Q: Has he been itching to get out there?
A: Yes. Let me say this, too, when he has gotten out on the field he’s done a good job in the limited reps that he’s had.

Q: How would you assess Hakeem Nicks thus far?
A: I think that he’s continuing to grow and get better as far as getting his body back into position. When you come off of an injury like that and you can’t play full-speed for almost a year, when you get your body physically healed, which it is now, it still takes you a while to get your body back into those positions that you’re used to getting yourself into. That’s what he’s improving on. He’s continuing to get his body into those positions that he used to whether it’s on an in cut, being able to dig and lean and rip out of it to create the separation, come back and stick his foot in the ground to come out of the break. He’s improving in those areas. The plays have been there to be made and they haven’t quite been made yet so that’s where be continues to… but he’s right there. It’s very close to him hopefully erupting and helping our team and being able to make those huge plays. How would I assess him? I think he’s getting himself back to where he needs to be but the opportunities have been there to make the plays and I think moving forward he’s going to make them.

Q: Was there one play maybe where you saw, it looked like maybe the Eagles game he was pretty strong, was there one play you saw that made you feel like this was coming sooner rather than later?
A: No, not really. It’s been a gradual continued process of improvement as far as getting himself to the point where he is now starting to make some of the plays but not all of them. And we need to him make all of them. Re: how dislocated finger Nicks suffered early in the season has affected him
A: That will affect you. Just physically, it will affect you. I don’t think it affects him mentally in the least. He’s a tough, competitive guy. But physically, it could affect you. That’s just reality.

Q: Do you think that explains why we’re seen him drop a couple of passes?
A: I don’t have any idea if that’s the reason for it or not. I think that it’s still his process of getting his body back into those positions to make those plays. And again, he’s right there. That might have been a play that would have gone off his hands this year that last year he wouldn’t have been able to get his body into that position. Again, I think it’s a growth process with him physically that he’s now getting his body in these positions and he’s very close to making some of these huge plays.

Q: Has Victor turned out to be Mr. Reliable?
A: He has been tremendous. He has been tremendous and I’m not just talking about the passing game. In the running game he is blocking his butt off and coming down and blocking safeties to the point where he never used to do these things last season for me although I would push him and push him and push him towards it. Now he’s been very competitive and tough getting his nose dirty in there and its helped our team.

Q: Did he come in stronger? It looked like he was a little bit stronger.
A: He looked great coming in. When we saw him when he came in to sign last year he looked tremendous and then he came in and he was running great.
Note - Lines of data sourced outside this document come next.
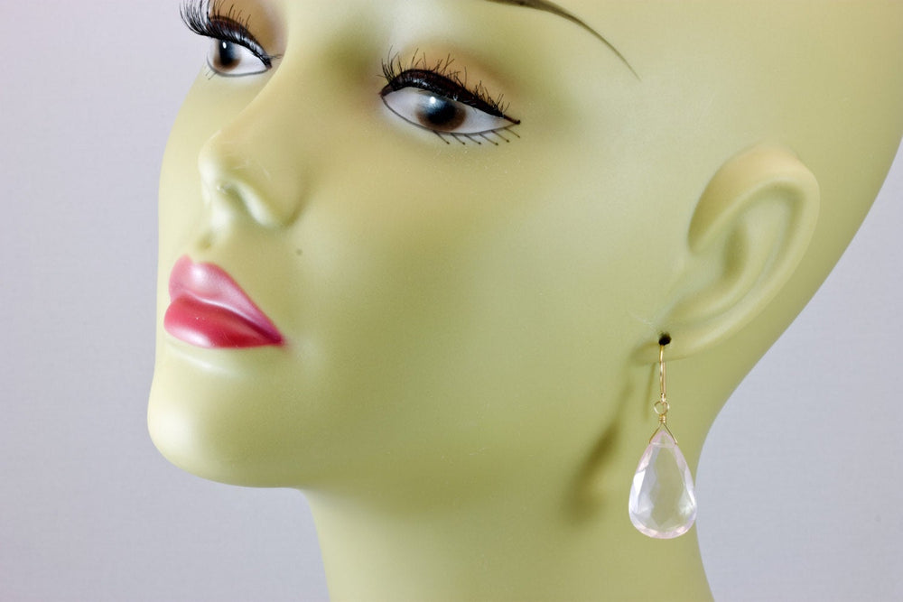 Rose Quartz Earrings Pink Large Teardrop Dangle Sterling Silver or 14k solid Gold or Filled Classic Pear Faceted Simple Everyday Soft color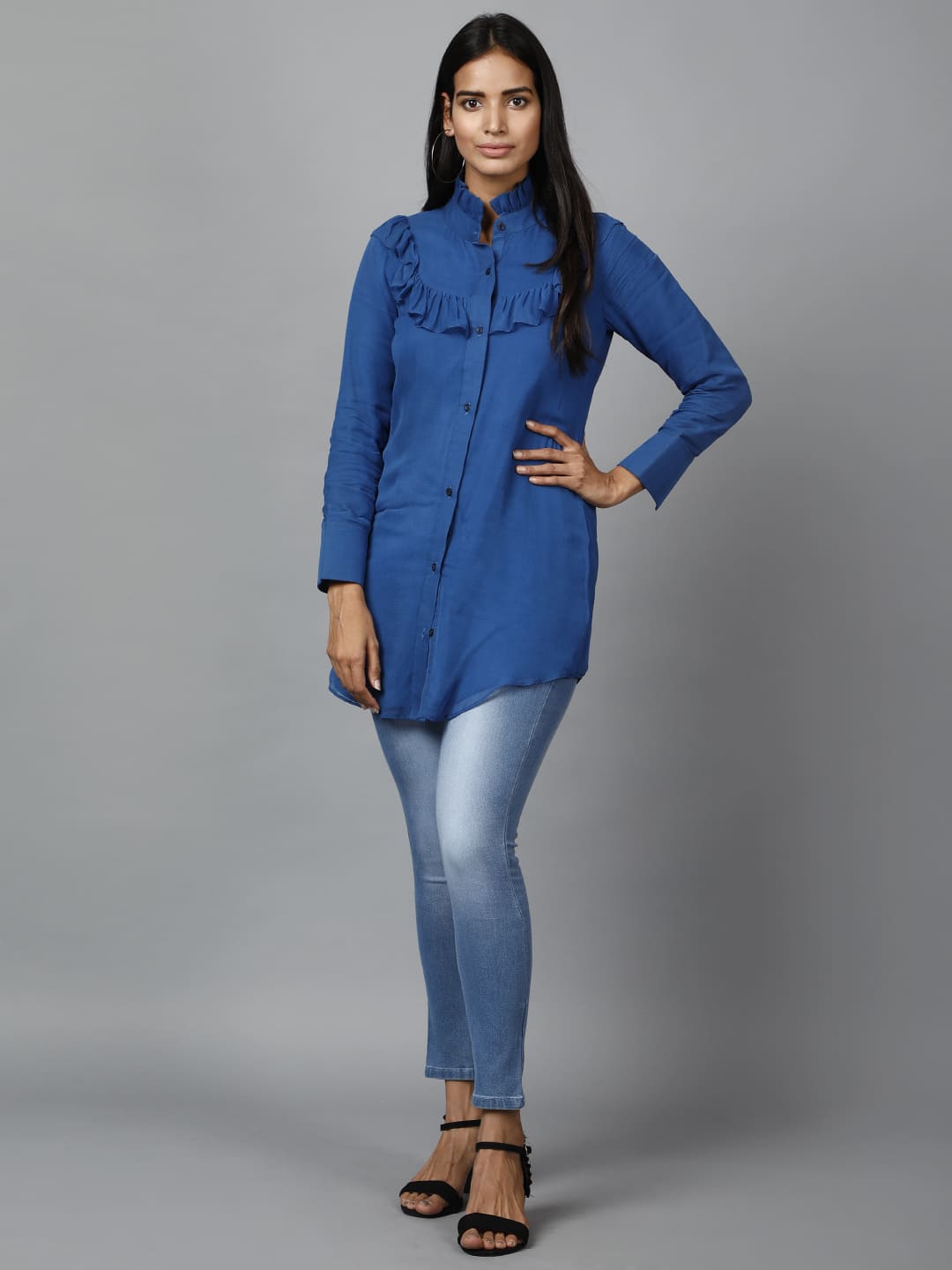 Corporate and Office Wear: Tuck your Cobalt Blue Ruffle Yoke Shirt into a pair of high-waisted charcoal trousers. The ruffled yoke adds a soft, feminine touch to a structured professional look.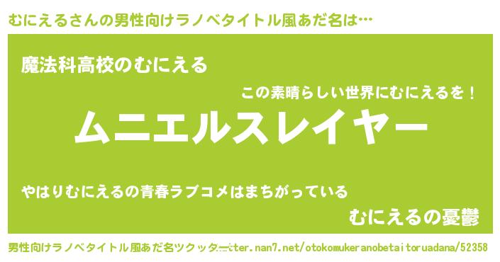 | 胡散臭い通販商品みたいなあだ名 | 『ガンによく効く高麗人参…その名も「むにえる」』 |

Is he stronger? I don’t know if he was stronger.

Q: What was your feeling when you saw him on crutches?
A: That’s always a worry. But it’s a worry when any of your guys goes down.

Q: Do you think that the slow start is frustrating Hakeem?
A: I think when a guy as competitive as he is isn’t making the plays that he feels that he should be making that its frustrating. I don’t think it’s going to effect him moving on. In fact, I think it drives him to make sure he makes the play the next time.
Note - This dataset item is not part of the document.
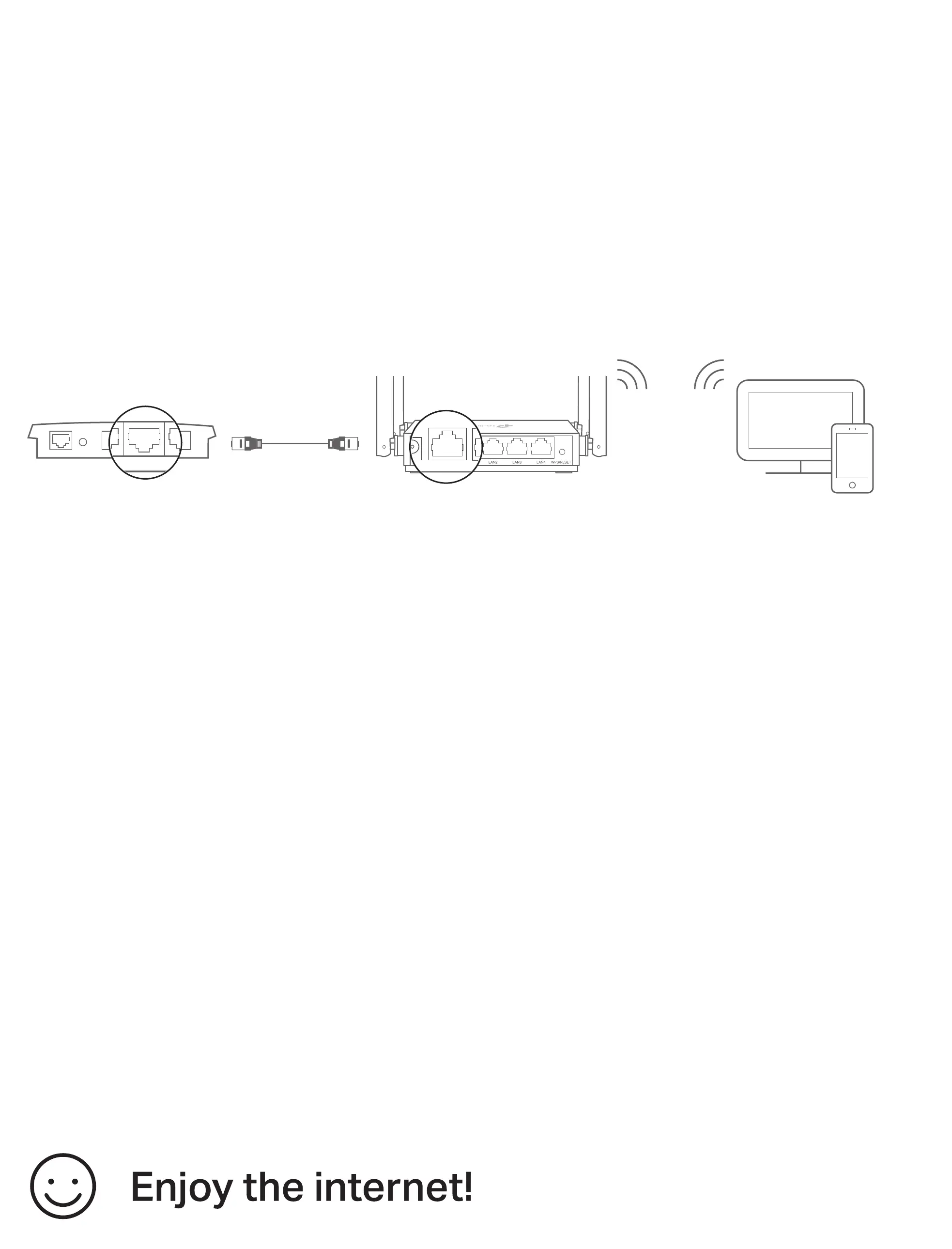 b. Connect the router's WAN port to your wired router’s Ethernet port via

Q: Do you have any sense that today, you know, there has been a lot of talk about Hakeem? Today is the trading deadline. Do you sense that in your room at all?
A: No, not at all. I haven’t seen anything at all.
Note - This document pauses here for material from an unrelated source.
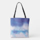 Elevate your everyday carry with our Celestial Blue Nebula Tote Bag. This stylish tote features a breathtaking gradient of deep blue fading into soft pink and white, adorned with delicate star patterns that evoke the serene beauty of the night sky.

Offensive Line Coach Pat Flaherty

Q: Tell me about Justin Pugh. We’ll start from there.
A: You know, Justin’s progressing along fairly well. In the last few weeks I’ve seen his technique and fundamentals become better. In the beginning, with learning the offense, one, and then learning the techniques that you need to protect in the pass protection, some things were very challenging to him because he was playing against some savvy veterans there in the beginning of the season but in the last couple of weeks he’s settled down. The game is slowing down for him, I think it’s still fast. When you’re going into your ninth game it should slow down for you as a rookie but he’s still a rookie so he’s going to learn each and every game.

Q: How much of a challenge has this been? A different group most of the time and the two guys you were counting on to play 16 games are gone.
A: Well yeah. With Chris Snee and David Baas, I feel for those guys because they are two guys that worked extremely hard coming off the surgeries. Each and every day that we were here at work, they worked as hard as anyone with their rehabbing and also in the meeting room and studying the tape and getting ready, preparation to play. So, you know, you feel for those guys because, foremost, they are two guys that really helped the younger guys. And they continue to help even though they’re on IR so that just says a lot about them.

Q: But the fact, I’m sure early in the season the sense that you guys couldn’t get a lot accomplished, I’m sure was very difficult.
A: Well, it is. But, you know, it’s a challenge. We’ve always approached it in our offensive linemen room that you have to get ready. The reason that you’re on this team is this New York Giants organization signs you to a contract to play. There’s no redshirt in the NFL so if you’re going to be here, my job as a coach is to get them ready to play, no matter who we’re playing at what time because you never know. We’ve all been in experiences where you have, even a few years ago, in a 12-hour span we had two linemen from a Saturday to a Sunday, we find out they can’t play. So some guys that didn’t get that many reps during that season or during that week and ended up starting against Green Bay. That’s the expectations that we have and they have to do it. Now, do you have challenges with that? Sure because they haven’t been executing your offense through that week but it’s their job and it’s my job to make sure they prepare.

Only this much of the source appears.